= Work to complete =
All records below must be reproduced exactly, although any pictures they contain are to be omitted.
=====
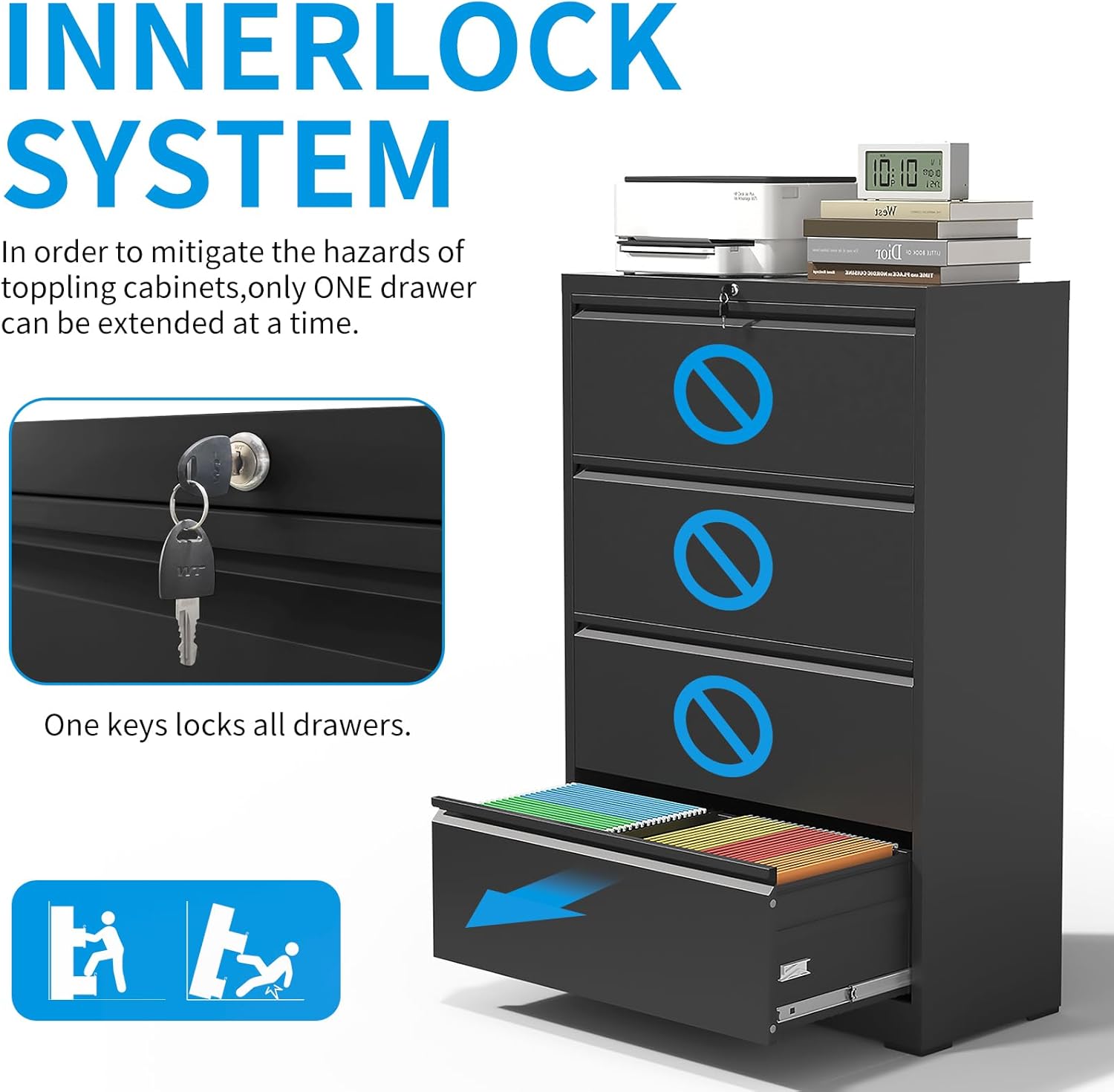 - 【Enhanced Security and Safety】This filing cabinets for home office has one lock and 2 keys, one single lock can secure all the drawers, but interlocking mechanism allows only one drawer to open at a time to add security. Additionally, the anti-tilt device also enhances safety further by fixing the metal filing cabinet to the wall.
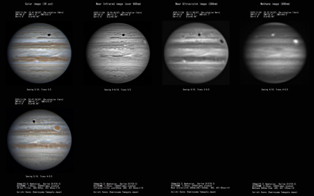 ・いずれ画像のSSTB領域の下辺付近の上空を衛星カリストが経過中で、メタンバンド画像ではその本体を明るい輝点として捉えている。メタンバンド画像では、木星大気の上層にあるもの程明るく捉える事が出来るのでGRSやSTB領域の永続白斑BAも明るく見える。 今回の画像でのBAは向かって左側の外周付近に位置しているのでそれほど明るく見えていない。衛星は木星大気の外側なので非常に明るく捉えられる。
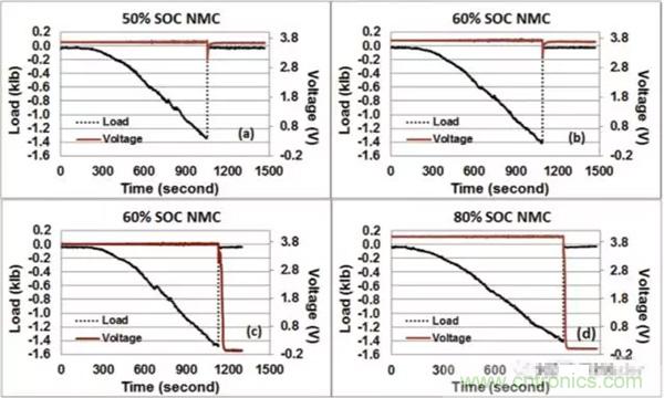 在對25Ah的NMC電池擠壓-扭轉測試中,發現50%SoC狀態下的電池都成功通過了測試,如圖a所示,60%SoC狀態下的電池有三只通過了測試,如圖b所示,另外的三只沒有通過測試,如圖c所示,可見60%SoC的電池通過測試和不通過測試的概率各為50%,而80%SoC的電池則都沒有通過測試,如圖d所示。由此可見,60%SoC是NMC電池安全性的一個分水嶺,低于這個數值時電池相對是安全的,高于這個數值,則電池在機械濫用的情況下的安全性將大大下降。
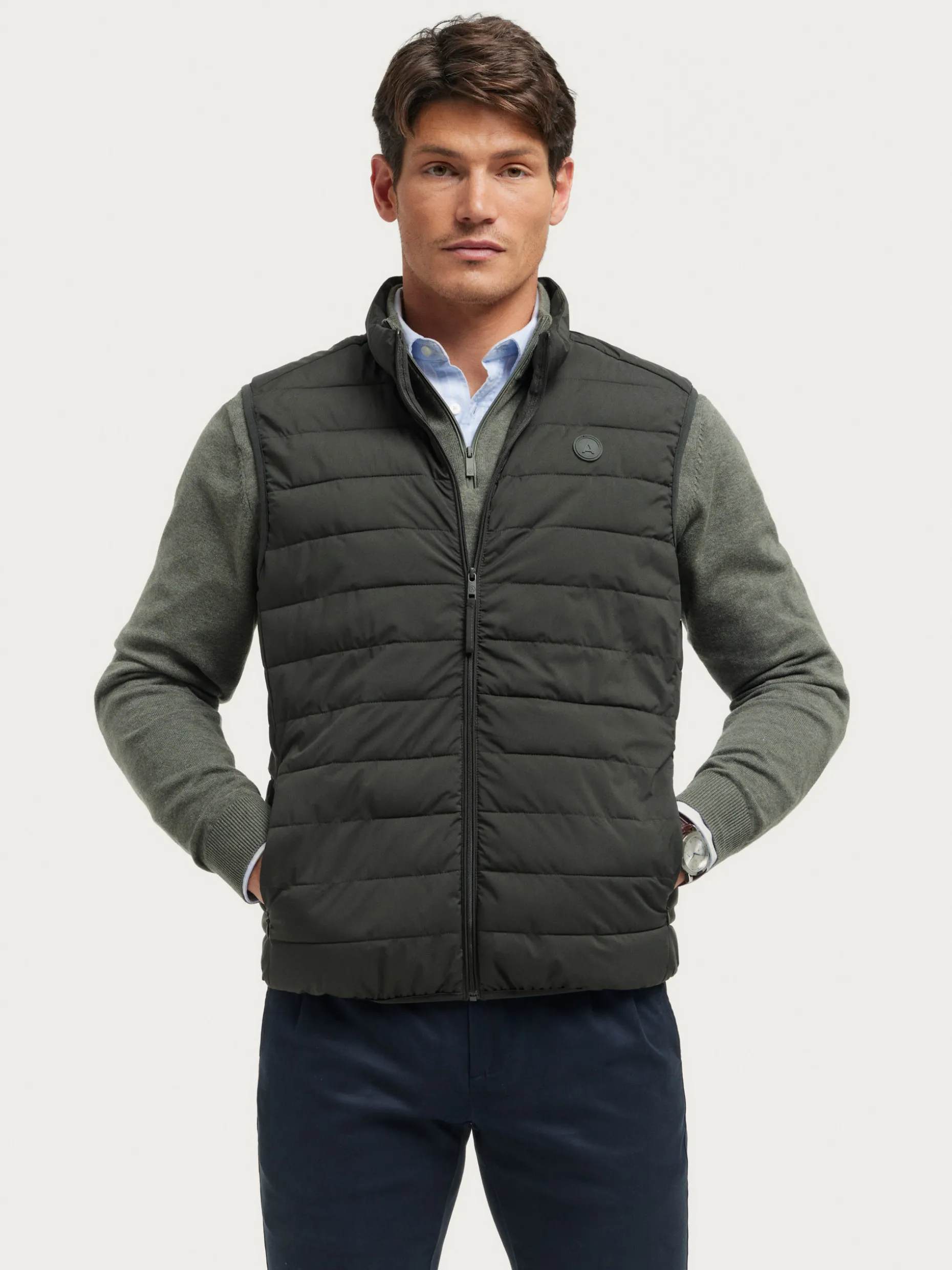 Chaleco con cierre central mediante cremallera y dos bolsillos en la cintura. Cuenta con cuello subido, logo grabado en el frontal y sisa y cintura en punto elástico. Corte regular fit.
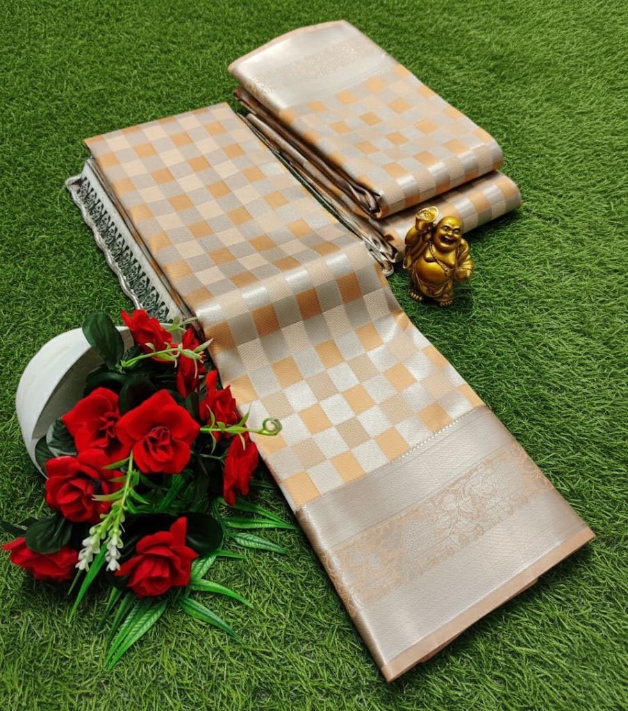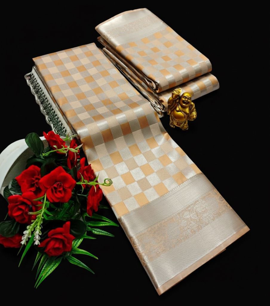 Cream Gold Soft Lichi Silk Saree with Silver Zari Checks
=====
= Output below =
 - 【Enhanced Security and Safety】This filing cabinets for home office has one lock and 2 keys, one single lock can secure all the drawers, but interlocking mechanism allows only one drawer to open at a time to add security. Additionally, the anti-tilt device also enhances safety further by fixing the metal filing cabinet to the wall.
 ・いずれ画像のSSTB領域の下辺付近の上空を衛星カリストが経過中で、メタンバンド画像ではその本体を明るい輝点として捉えている。メタンバンド画像では、木星大気の上層にあるもの程明るく捉える事が出来るのでGRSやSTB領域の永続白斑BAも明るく見える。 今回の画像でのBAは向かって左側の外周付近に位置しているのでそれほど明るく見えていない。衛星は木星大気の外側なので非常に明るく捉えられる。
 在對25Ah的NMC電池擠壓-扭轉測試中,發現50%SoC狀態下的電池都成功通過了測試,如圖a所示,60%SoC狀態下的電池有三只通過了測試,如圖b所示,另外的三只沒有通過測試,如圖c所示,可見60%SoC的電池通過測試和不通過測試的概率各為50%,而80%SoC的電池則都沒有通過測試,如圖d所示。由此可見,60%SoC是NMC電池安全性的一個分水嶺,低于這個數值時電池相對是安全的,高于這個數值,則電池在機械濫用的情況下的安全性將大大下降。
 Chaleco con cierre central mediante cremallera y dos bolsillos en la cintura. Cuenta con cuello subido, logo grabado en el frontal y sisa y cintura en punto elástico. Corte regular fit.
 Cream Gold Soft Lichi Silk Saree with Silver Zari Checks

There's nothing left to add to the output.